Демьян и второй кучер многозначительно переглянулись. Дуня готова была об заклад побиться, что в столицу поедет третий кучер, что в дядином особняке остался. Да ещё преподнесут, словно она распоряжение такое дала. Дуня усмехнулась. Всё же был у её свекровушки талант — против себя людей настраивать.
— Дуня, пора нам, — произнесла Глаша, незаметно подошедшая.
Дуня обернулась.
Офицер успел документы проверить и открыть дверь ближнего павильона. Платон вёл туда под руку маменьку, следом шли тётушки, за ними полицейские, состоящие при портале, несли саквояжи, выгруженные из кареты и коляски.
— Ну, езжайте с Богом, — сказала Дуня кучерам. Глаша им на прощание кивнула.
— Доброго пути вам, хозяюшки, — произнёс Демьян и они со вторым кучером откланялись.
Пока шли в павильон, Глаша быстро шепнула:
— Странная сегодня Платонова маменька. За всю дорогу ни одного словечка плохого не сказала о приёме в купеческом особняке.
— Никак, в кои-то веки угодили? — удивилась Дуня.
Они вошли в павильон и остановились, потрясённые роскошной, словно в дворцовом зале обстановкой, вот только на потолке не роспись была, купол оказался стеклянным с красочным витражом. На витраже красовался герб Москвы — Георгий Победоносец, убивающий змея.
— Будьте добры, сударыни, проходите, присаживайтесь, сейчас вам инженер-портальщик расскажет о правилах перемещения, — произнёс офицер.
Дуня с Глашей присели рядом с остальными в обтянутые бархатом кресла и уставились на ранее не замеченного мужчину средних лет, в форме инженера, но с той же молнией на рукаве. Мужчина довольно равнодушным тоном объяснил, что пассажирам предстоит перейти в кабину из сверхпрочного стекла с магической оплёткой. В кабине они проедут по пространственному тоннелю в течение десяти минут. В это время не рекомендуется вставать с мест. Также не рекомендуется дотрагиваться до стенок кабины.
— Чем это грозит? — спросила Дуня с интересом. Глаша тоже уставилась на инженера-портальщика, ожидая ответа.
Портальщик, правильно истолковал этот интерес и заблестевшие глаза двух пассажирок, сразу растерял всё равнодушие и ответил:
— Прямого вреда это не принесёт. Однако магическая оплётка может воспринять наделённого даром за амулет и потянет из него магию. Разумеется, вытянет немного, но ощущения будут не особо приятными. Знаете, поручик, — обратился он к драгунскому офицеру, — пожалуй, я лично пассажиров доставлю. Вспомнил, что есть у меня в столице одно дельце.

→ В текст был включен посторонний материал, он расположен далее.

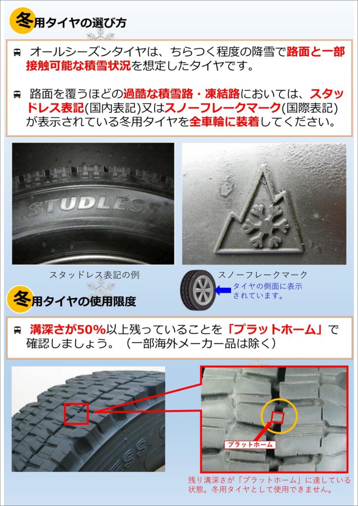- また、運行前に冬用タイヤの溝深さが新品時の50%以上残っていることを、「プラットホーム」で確認をお願いします。
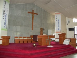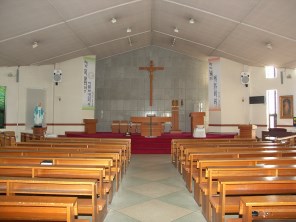 - 옥포 성당 내부와 성수대
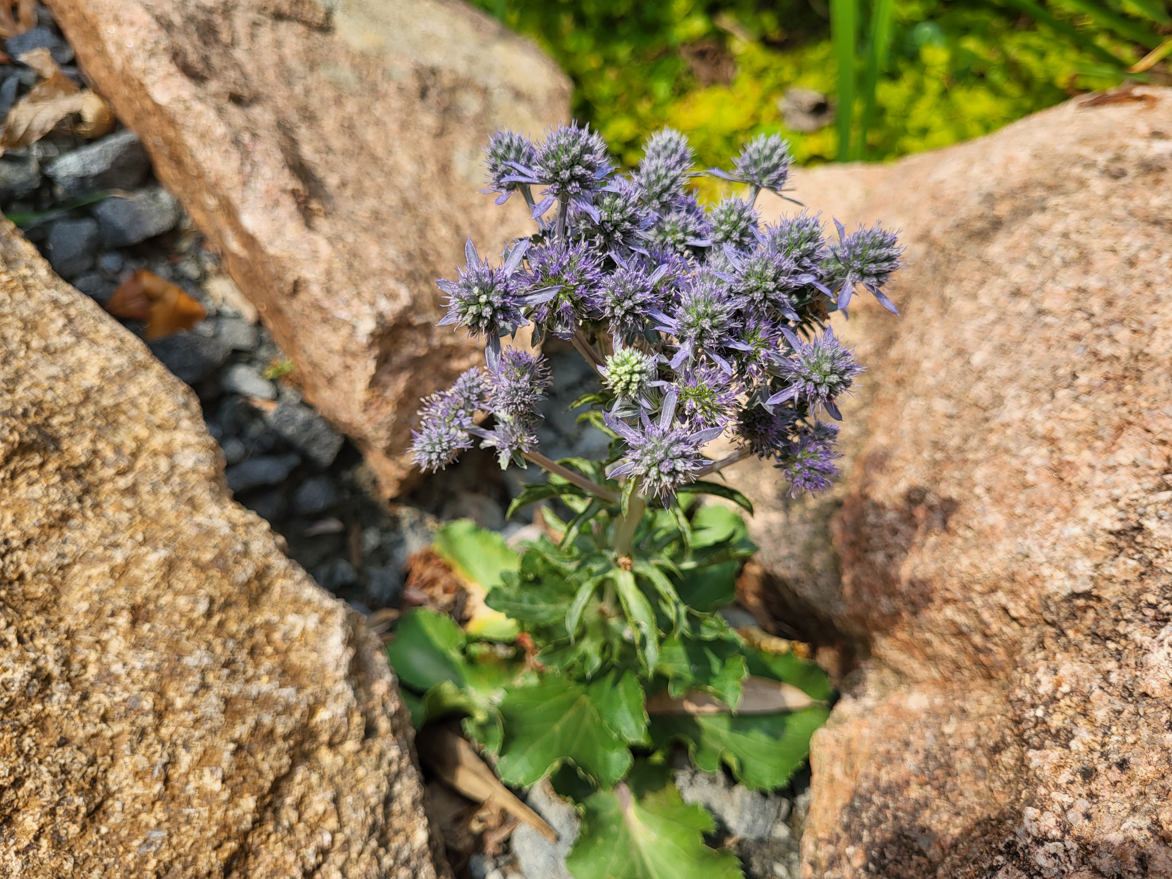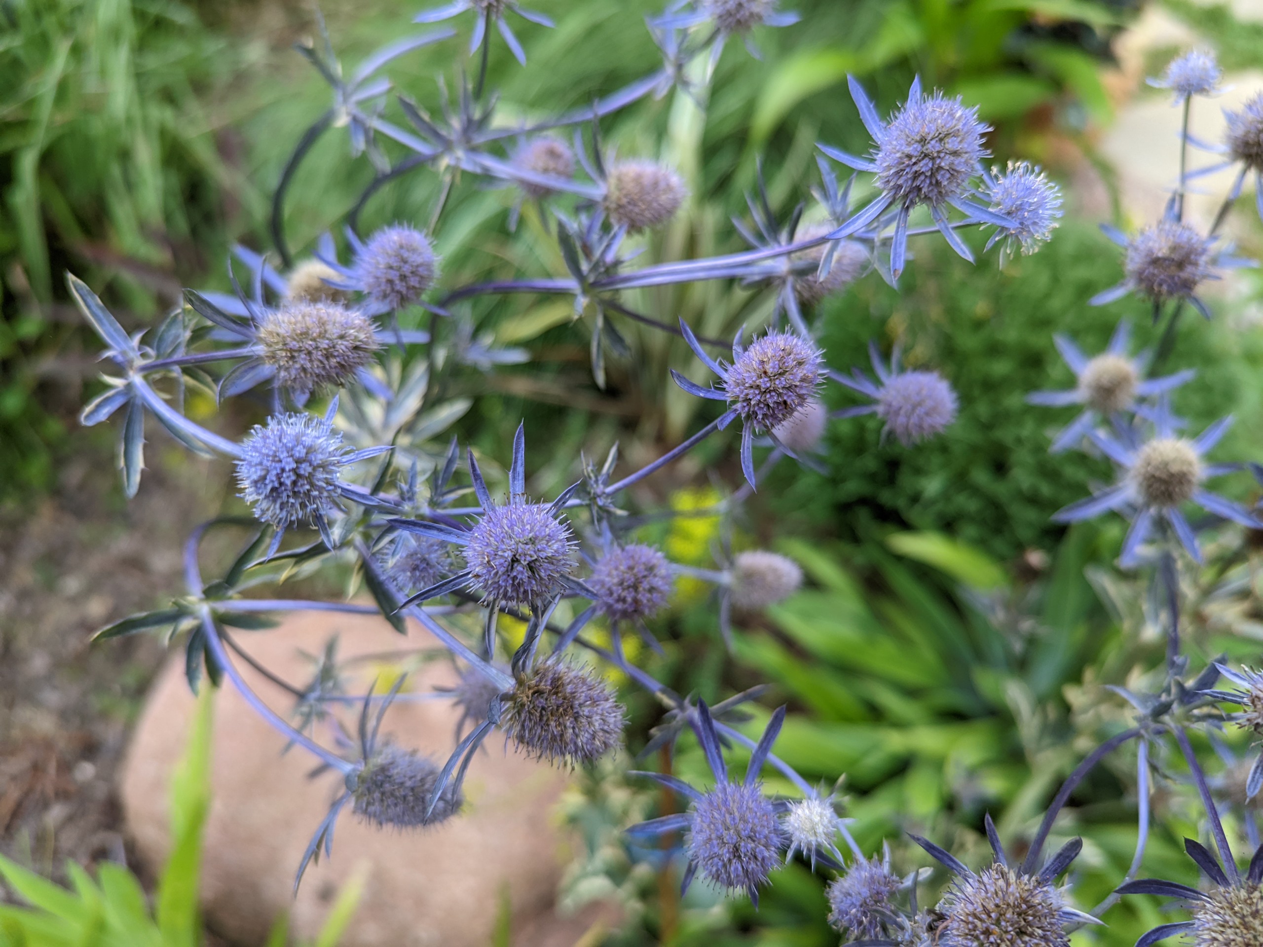 Happily, the various sea hollies (Eryngium) have adapted well to well drained soils, including a tiny one in the gravel based rock garden (above). Happiest, is the tall growing Rattlesnake master (Eryngium yuccifolium, below), with one growing to four feet and the other over six. Both tend to flop a bit, so they require some support. These are not refined, mannerly plants, but neither is this garden.

Он пошёл к двери второго павильона, открыл. Обстановка там оказалась более лаконичной, но в центре стояла прозрачная кабина, стенки которой поблескивали разноцветными искорками. Полицейские занесли в неё багаж и вышли.
— Эх, такой эксперимент обломился, — шепнула Дуня на ухо подруге. Глаша даже возражать не стала, ей самой очень хотелось прикоснуться к так заманчиво переливавшемуся стеклу.
— Прошу, — произнёс инженер-портальщик. После того, как пассажиры расселись в кресла, обтянутые на этот раз кожей, он набрал на панели снаружи определённую комбинацию цифр, вошёл в кабинку и плотно закрыл дверь. Раздалось лёгкое жужжание, вокруг потемнело, словно сгустился мрак. Кабинка слегка завибрировала и поехала. Как ни пытались Дуня с Глашей пытливо разглядеть то, что было снаружи, тщетно. Какой-то туман сине-фиолетово-чёрный, через определённые промежутки времени пронизывающийся лучами от встроенных в тоннель амулетов.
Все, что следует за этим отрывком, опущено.